> [Problem description]
From the material below, copy exactly the lines beginning with the one that contains "Normally, the Menger" and ending with the one that contains "(Sage FRP 1000"; the pictures stay out.

> [Dataset entries]
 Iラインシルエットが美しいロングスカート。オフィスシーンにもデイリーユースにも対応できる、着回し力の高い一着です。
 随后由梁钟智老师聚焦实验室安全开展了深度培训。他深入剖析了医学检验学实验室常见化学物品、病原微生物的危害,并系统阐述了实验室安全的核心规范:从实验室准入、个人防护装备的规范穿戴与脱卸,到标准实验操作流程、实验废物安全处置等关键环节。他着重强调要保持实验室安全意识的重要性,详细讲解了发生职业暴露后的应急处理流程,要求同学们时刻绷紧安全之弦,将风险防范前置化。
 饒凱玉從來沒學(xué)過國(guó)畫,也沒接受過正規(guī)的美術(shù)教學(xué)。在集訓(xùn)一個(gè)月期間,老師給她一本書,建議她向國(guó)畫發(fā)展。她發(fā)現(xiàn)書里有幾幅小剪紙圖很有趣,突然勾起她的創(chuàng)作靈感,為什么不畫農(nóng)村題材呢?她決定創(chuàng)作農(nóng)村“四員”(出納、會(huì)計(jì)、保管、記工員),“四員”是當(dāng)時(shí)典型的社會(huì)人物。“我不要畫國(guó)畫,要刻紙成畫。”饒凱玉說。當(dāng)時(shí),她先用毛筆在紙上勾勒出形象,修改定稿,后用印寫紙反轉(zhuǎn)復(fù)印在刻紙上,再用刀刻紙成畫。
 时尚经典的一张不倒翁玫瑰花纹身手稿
---
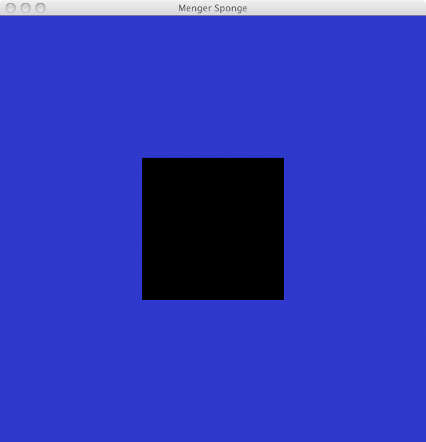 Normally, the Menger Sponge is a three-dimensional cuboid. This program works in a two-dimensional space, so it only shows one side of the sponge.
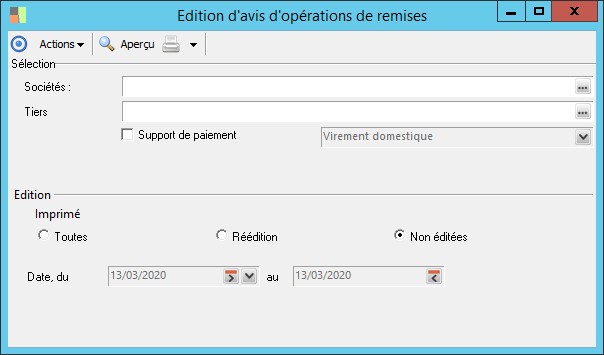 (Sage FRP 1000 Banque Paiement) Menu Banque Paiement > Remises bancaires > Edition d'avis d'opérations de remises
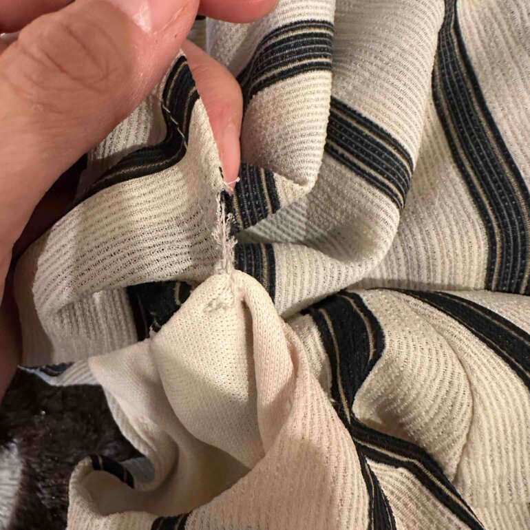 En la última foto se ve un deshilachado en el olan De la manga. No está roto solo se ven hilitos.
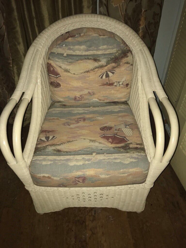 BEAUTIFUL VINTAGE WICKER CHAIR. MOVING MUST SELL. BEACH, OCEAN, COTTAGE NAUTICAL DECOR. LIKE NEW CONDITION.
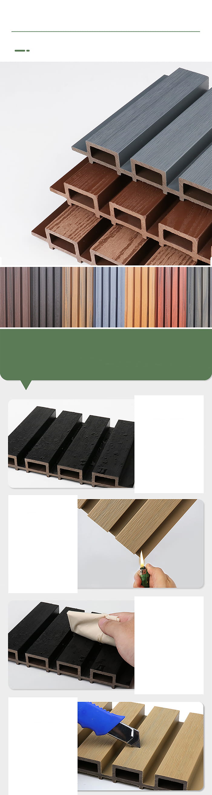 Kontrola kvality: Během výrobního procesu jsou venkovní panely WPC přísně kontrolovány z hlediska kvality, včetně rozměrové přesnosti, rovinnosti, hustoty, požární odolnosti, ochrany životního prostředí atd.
...
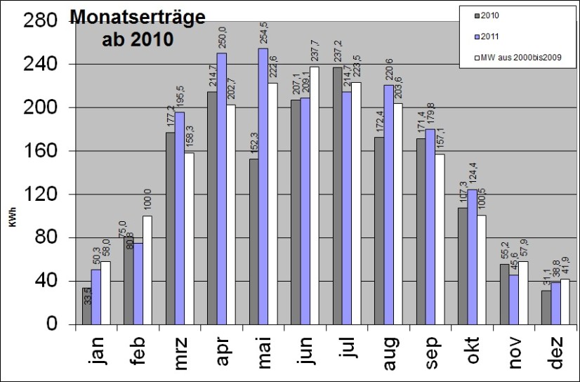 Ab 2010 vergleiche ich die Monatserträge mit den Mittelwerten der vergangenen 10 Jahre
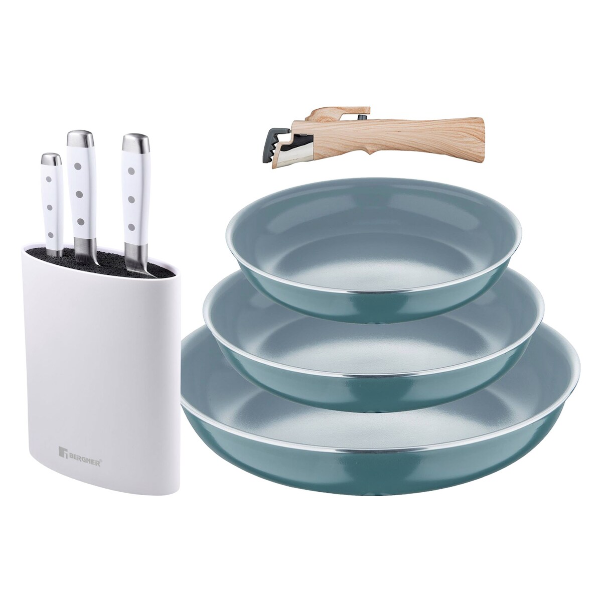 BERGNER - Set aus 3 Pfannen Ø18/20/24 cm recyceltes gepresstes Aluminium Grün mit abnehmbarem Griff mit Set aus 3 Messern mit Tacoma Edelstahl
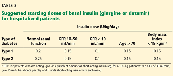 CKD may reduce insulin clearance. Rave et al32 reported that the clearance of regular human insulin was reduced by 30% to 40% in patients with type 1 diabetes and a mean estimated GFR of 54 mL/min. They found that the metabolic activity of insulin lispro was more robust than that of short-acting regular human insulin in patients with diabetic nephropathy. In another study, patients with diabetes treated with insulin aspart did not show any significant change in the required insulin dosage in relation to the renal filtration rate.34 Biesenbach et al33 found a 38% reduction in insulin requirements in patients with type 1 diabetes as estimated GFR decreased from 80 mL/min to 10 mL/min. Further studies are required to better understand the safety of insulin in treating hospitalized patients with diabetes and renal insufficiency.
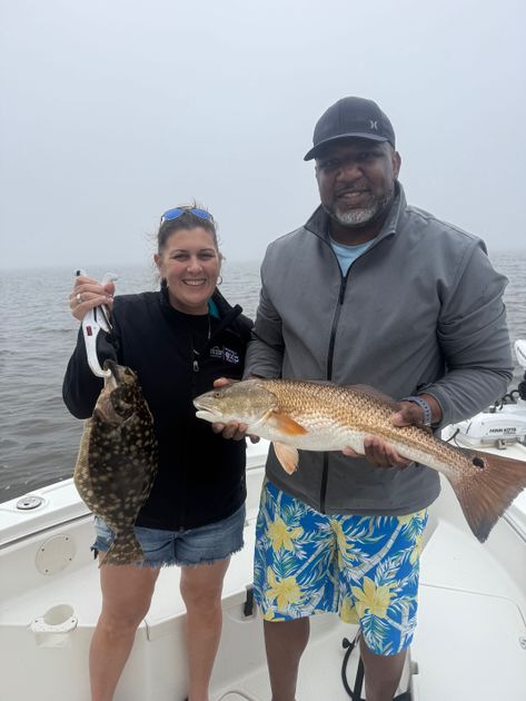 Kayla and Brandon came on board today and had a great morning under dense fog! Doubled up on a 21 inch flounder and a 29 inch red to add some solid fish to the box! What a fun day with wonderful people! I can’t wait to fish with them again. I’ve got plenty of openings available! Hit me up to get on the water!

> [Written answer]
 Normally, the Menger Sponge is a three-dimensional cuboid. This program works in a two-dimensional space, so it only shows one side of the sponge.
 (Sage FRP 1000 Banque Paiement) Menu Banque Paiement > Remises bancaires > Edition d'avis d'opérations de remises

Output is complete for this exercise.